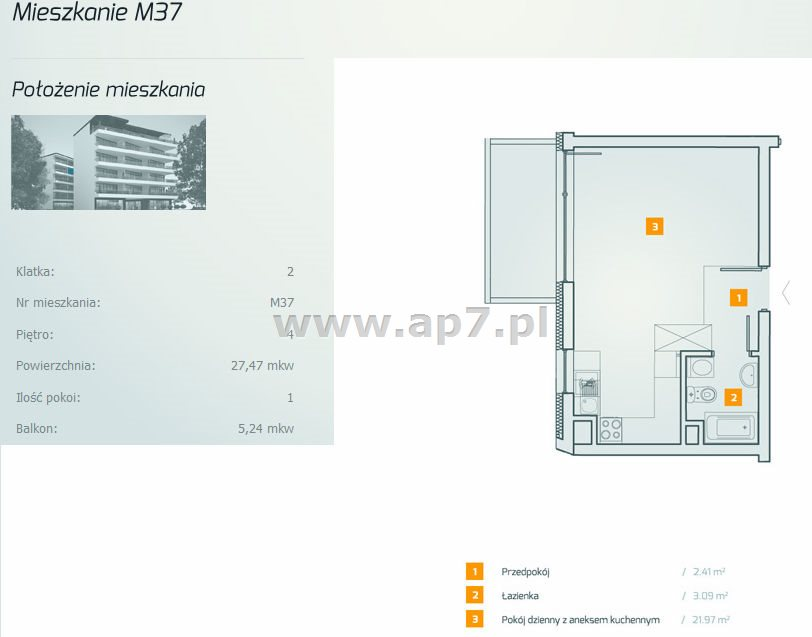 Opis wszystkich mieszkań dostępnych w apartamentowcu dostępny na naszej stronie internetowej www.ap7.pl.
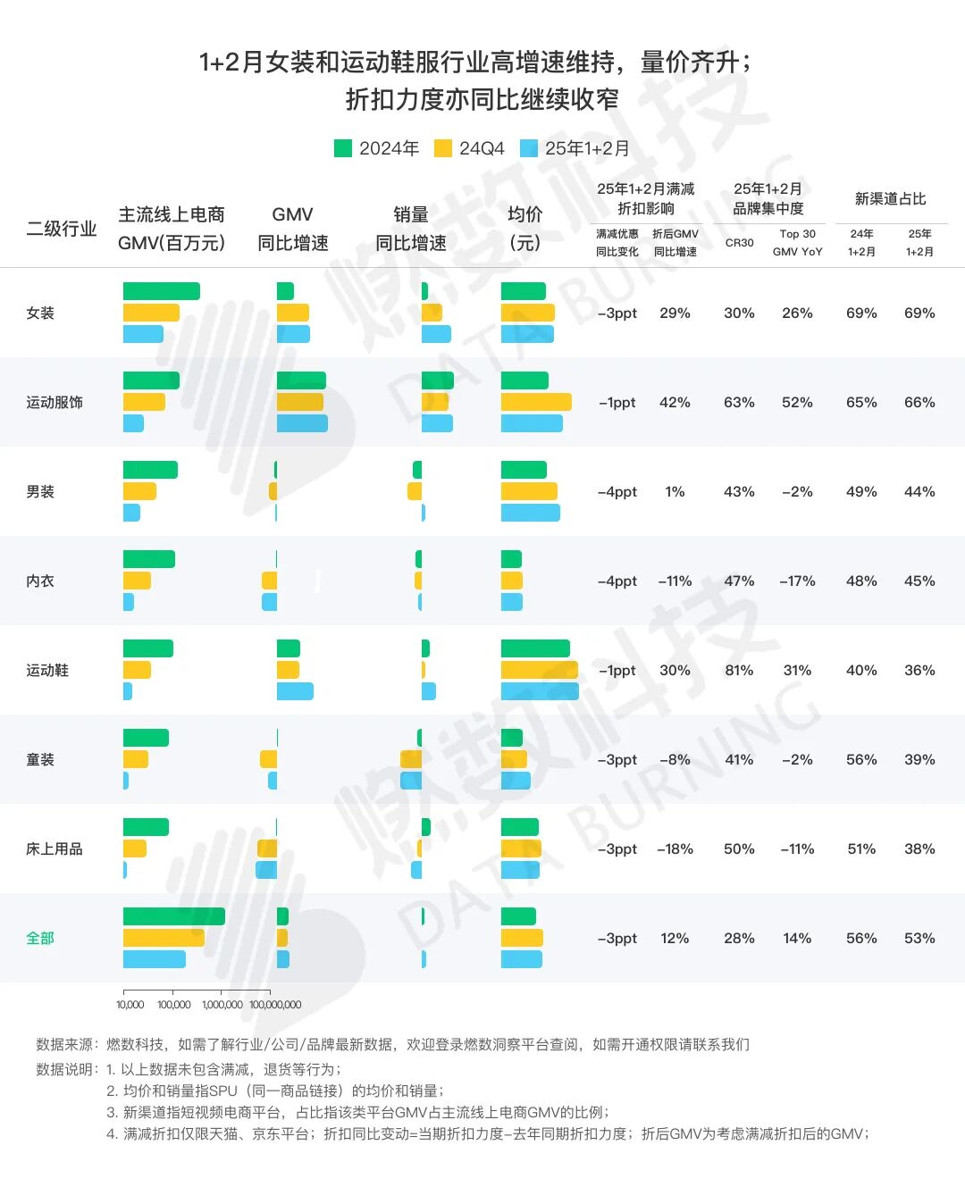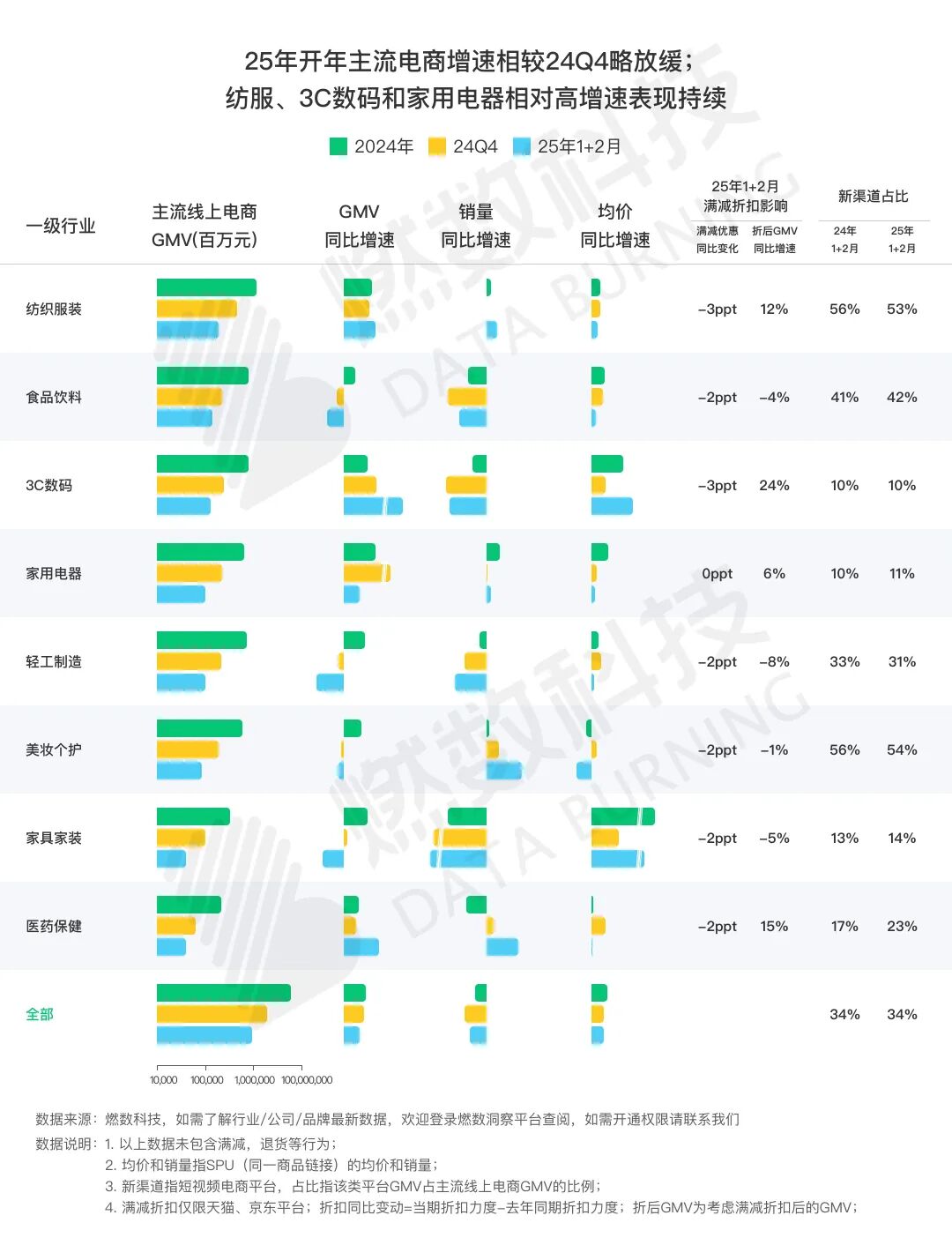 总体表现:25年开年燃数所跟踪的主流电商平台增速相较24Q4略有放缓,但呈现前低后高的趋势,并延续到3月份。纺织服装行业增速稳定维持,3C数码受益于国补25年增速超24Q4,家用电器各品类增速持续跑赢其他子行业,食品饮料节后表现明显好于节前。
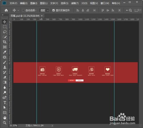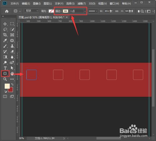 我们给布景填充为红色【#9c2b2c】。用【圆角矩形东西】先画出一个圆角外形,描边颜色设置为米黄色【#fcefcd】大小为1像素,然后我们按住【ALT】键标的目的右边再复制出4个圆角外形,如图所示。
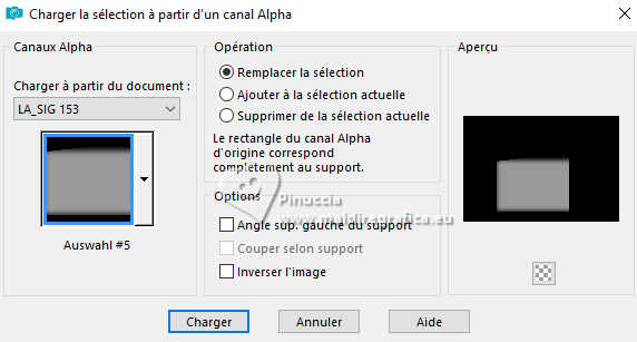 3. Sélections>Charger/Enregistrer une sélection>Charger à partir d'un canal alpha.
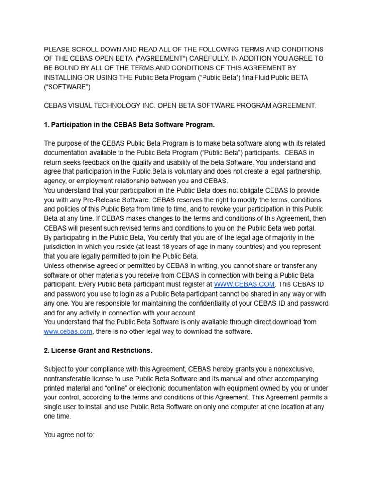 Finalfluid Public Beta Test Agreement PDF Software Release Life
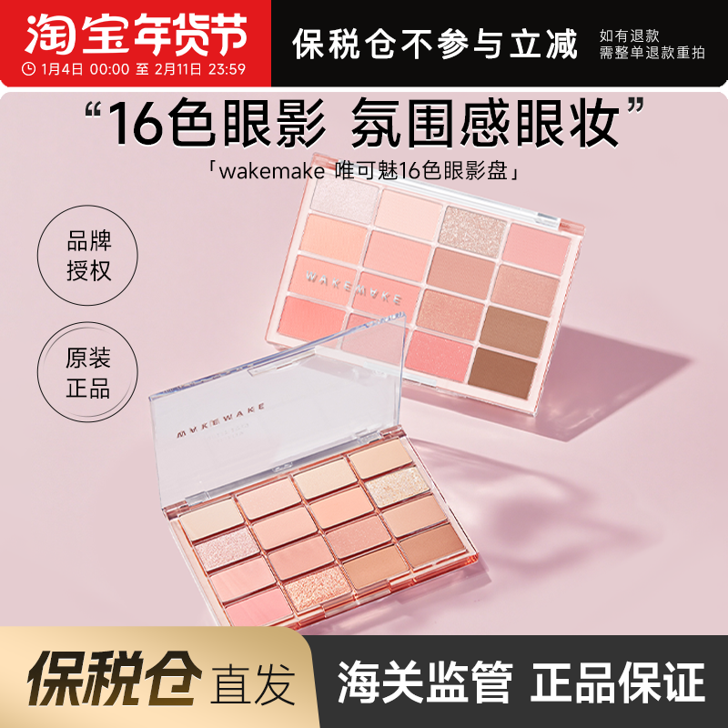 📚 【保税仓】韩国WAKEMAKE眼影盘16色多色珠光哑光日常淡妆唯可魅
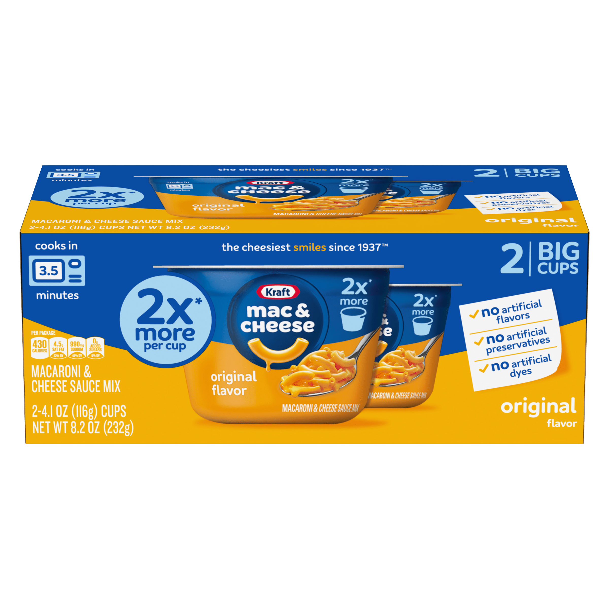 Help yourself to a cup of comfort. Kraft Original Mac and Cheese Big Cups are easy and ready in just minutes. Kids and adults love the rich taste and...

============

Work item
Look above for the line containing "我们给布景填充为红色【#9c" and the line containing "Finalfluid Public Beta", then reproduce both and everything between them exactly, pictures omitted.

Finished task
 我们给布景填充为红色【#9c2b2c】。用【圆角矩形东西】先画出一个圆角外形,描边颜色设置为米黄色【#fcefcd】大小为1像素,然后我们按住【ALT】键标的目的右边再复制出4个圆角外形,如图所示。
 3. Sélections>Charger/Enregistrer une sélection>Charger à partir d'un canal alpha.
 Finalfluid Public Beta Test Agreement PDF Software Release Life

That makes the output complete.